#### What you have to do
Give back an exact repetition of the material below, from its first line through the line that contains "At the first", both included, minus the pictures.

#### Source material
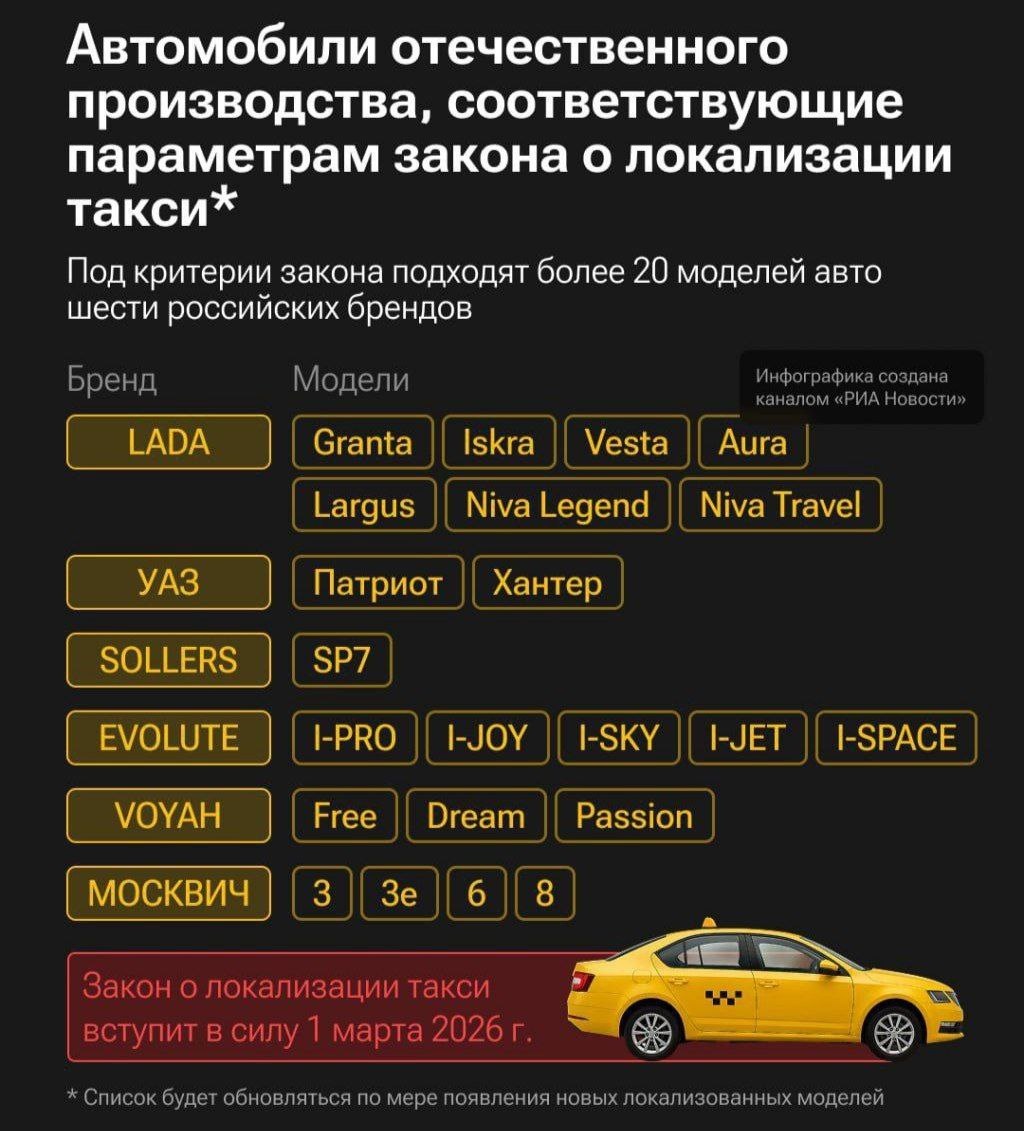 Минпромторг опубликовал первичный список автомобилей, которые можно будет внести в реестр автомобилей такси после 1 марта 2026 г.
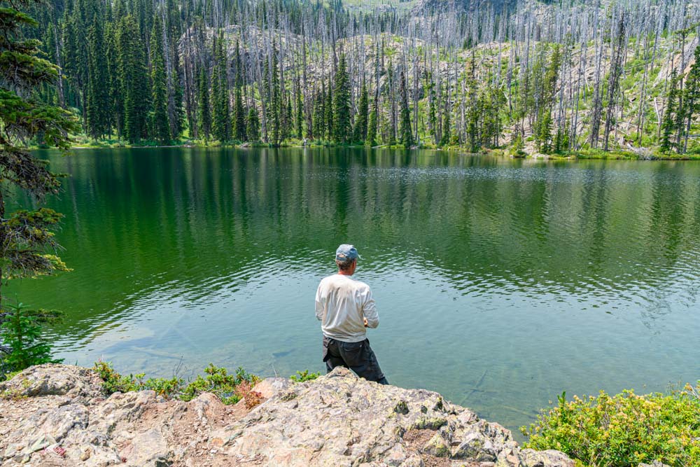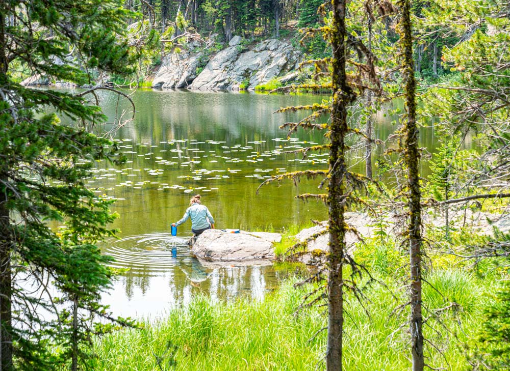 At the first lake, Jenny filters water to fill her bottles, something we need to do regularly along the route. It minimizes the about of water we need to carry.
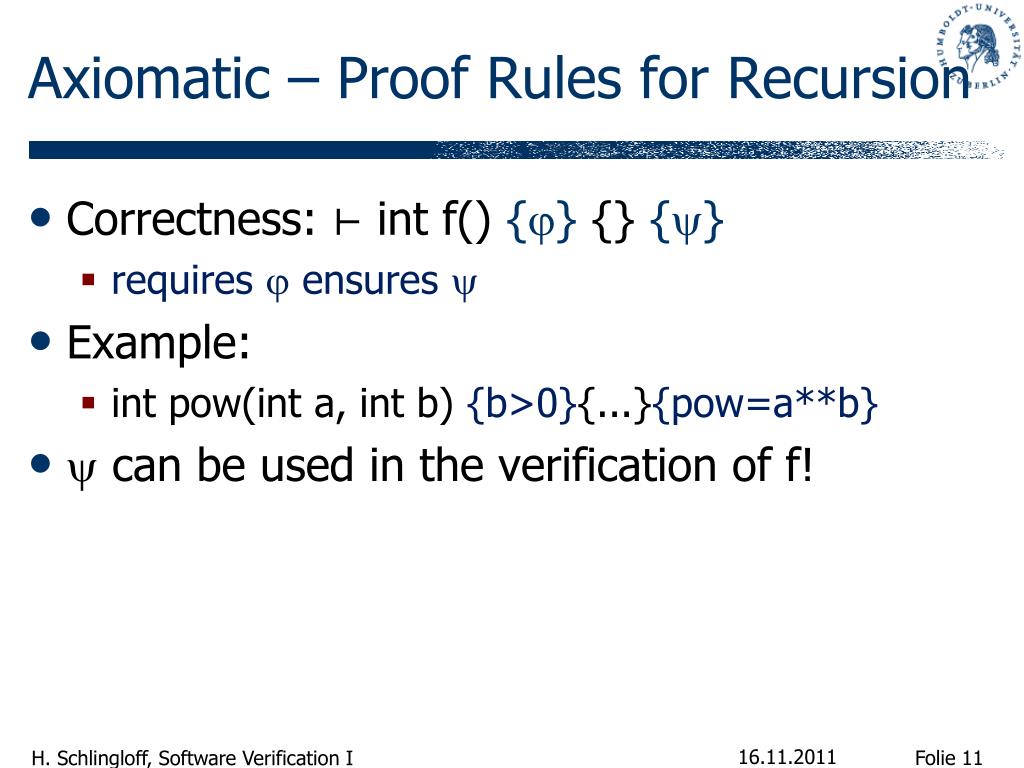 Axiomatic – Proof Rules for Recursion • Correctness: ⊢ int f() {} {} {} • requires ensures • Example: • int pow(int a, int b){b>0}{...}{pow=a**b} • can be used in the verification of f!
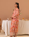 The ensemble features printed lawn suit, boasting vibrant hues paired with printed lawn dupatta and solid cambric trousers.
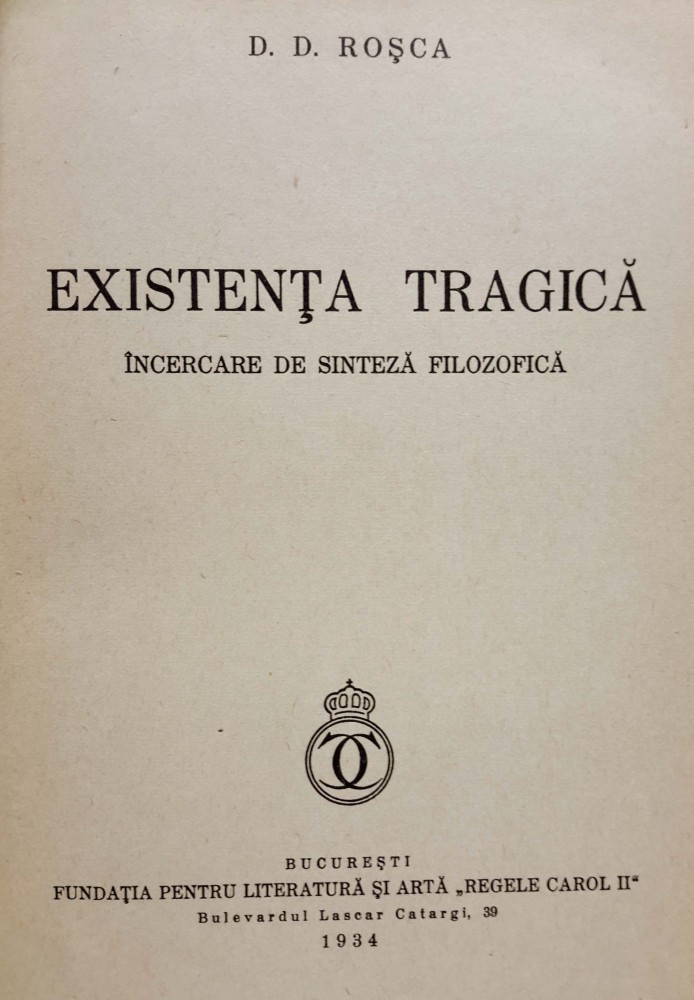 D.D. Rosca, EXISTENTA TRAGICA, Bucuresti, 1934
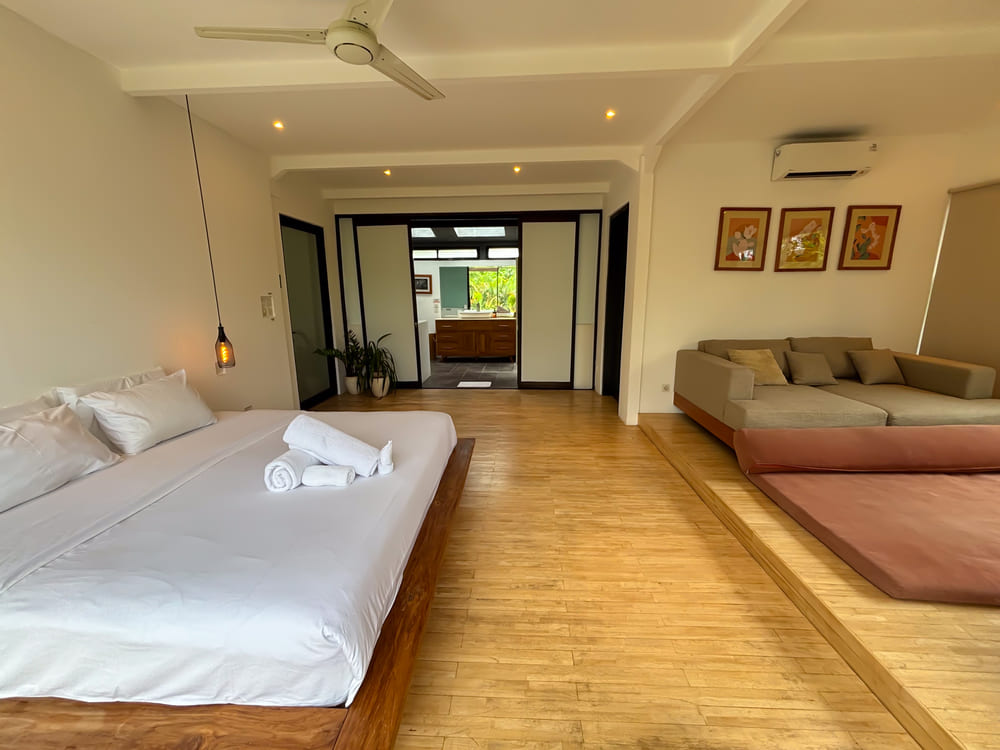 A modern Japanese inspired bedroom, has an 180 degree view of the garden as well, letting natural light shine in the neutral colours of this extremely comfortable space. Each space has been designed as a hangout spot, so this place is no different, whether you're chilling on the day bed reading, or hanging out on the veranda, admiring the views from above.
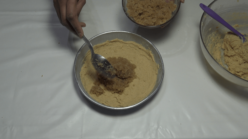 Fouetter le beurre avec le sucre, ajouter l’œuf, puis les épices, le zeste de citron, les aromes, le sel, ainsi que le rhum le cas échéant.
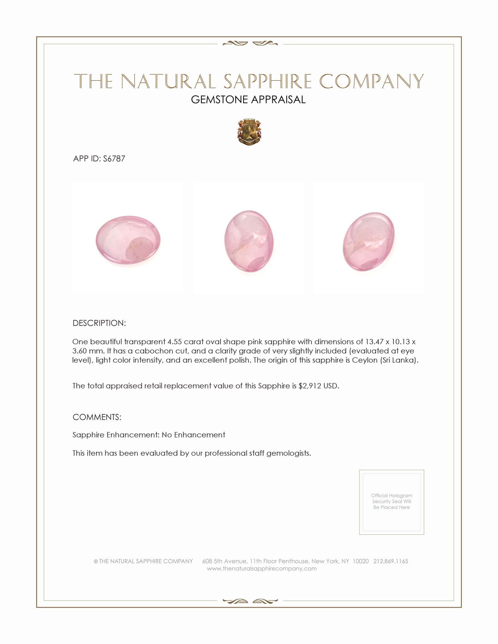 The ring features a beautiful, transparent 4.55 carat oval shape pink sapphire with the dimensions of 13.47 x 10.13 x 3.60 mm and a cabochon cut. It has a clarity grade of very slightly included (evaluated at eye level), light color saturation, and an excellent polish. The origin of this sapphire is Ceylon (Sri Lanka).

#### Reply to the exercise
 Минпромторг опубликовал первичный список автомобилей, которые можно будет внести в реестр автомобилей такси после 1 марта 2026 г.
 At the first lake, Jenny filters water to fill her bottles, something we need to do regularly along the route. It minimizes the about of water we need to carry.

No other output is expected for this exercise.